I just hope we haven’t just entered the final chapter that guarantees my place as a victimized woman feature in a made for TV movie. Isn’t this how it all unravels?

I've said it before…

Women is losers.

Because of the crazy chick at work who’s been asking for my help, I picked up a couple of books from Amazon.com. She asked me to buy this one, which hasn’t arrived yet:


“Hiding Your Money : Everything You Need to Know About Keeping Your Money and Valuables Safe from Predators and Greedy Creditors” (Jerome Schneider, Allison Weiner, Allison Hope Weiner)

On Amazon you can pick up used for short money. Because I’m me, and I like buying books in general (with which I then taunt myself by not actually getting around to reading), I figured I’d pick her up another one that looked a bit more to the point.


“How to Hide Money from Your Hu…And Other Time-Honored Ways to Build A Nest Egg: The Best Kept Secret of Marriage” (Heidi Evans)

When it came yesterday to work (‘cuz we always have stuff delivered to work given we are seldom home during delivery times), I was a bit weirded out. I didn’t want to open the box and have one of my co-workers ask me about it. (Not to mention the folks with whom I’m friendly would probably ask, because they’ve all met M. and would be like “What the…?”) So I held the box until the very end of the day until maybe one person was left in my area.

And, then I thumbed through. Holy shit, you know the slogan “We’ve come a long way, baby?” Turns out, not so much. I mean, sure, maybe it’s a smaller subsection than say in 1952, but that book was published this century.

For me, the thing is, Pat left me with one life’s lesson, if she left me anything. Always, fucking always, have your own dough. Man, woman, child, whatever, your life your reigns to grab. It’s so deep in my psyche, I’m sure I’m an asshole to date, being as I’m all vagina-possessing and thereby weaker sexed.
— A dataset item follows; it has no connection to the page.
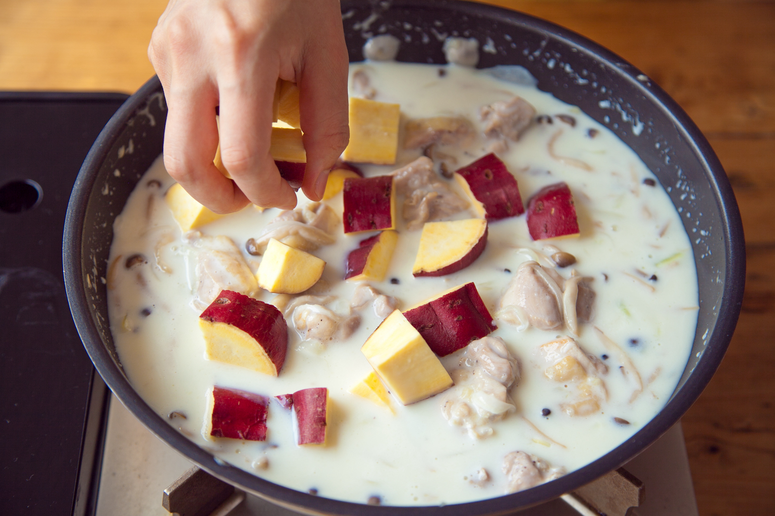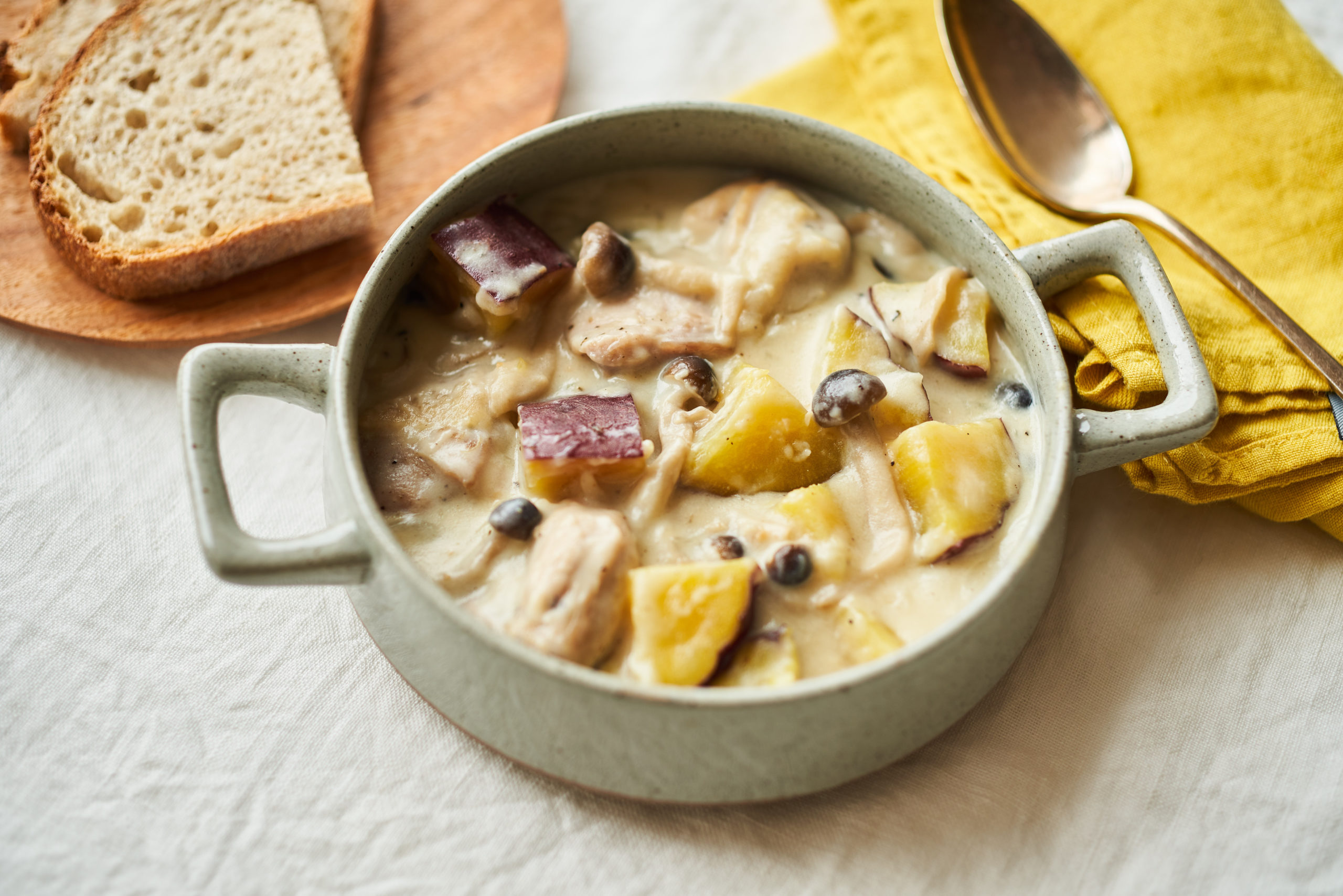 さつまいも、しめじ、鶏肉を使った、秋野菜と鶏肉のみそシチューの作り方です。

Can’t imagine not having some cash and holdings that are my very own. But, on the other hand, if I were a dude, I’d be like “Hell ya, woman, you got yours, I got mine, now let’s see what we can do together.”

I left it for her in a plain brown envelope in her work mailbox. I didn’t sign the note I left. I mean, if her husband is of a criminal bent, as has been implied, I ain’t have him searching out my name.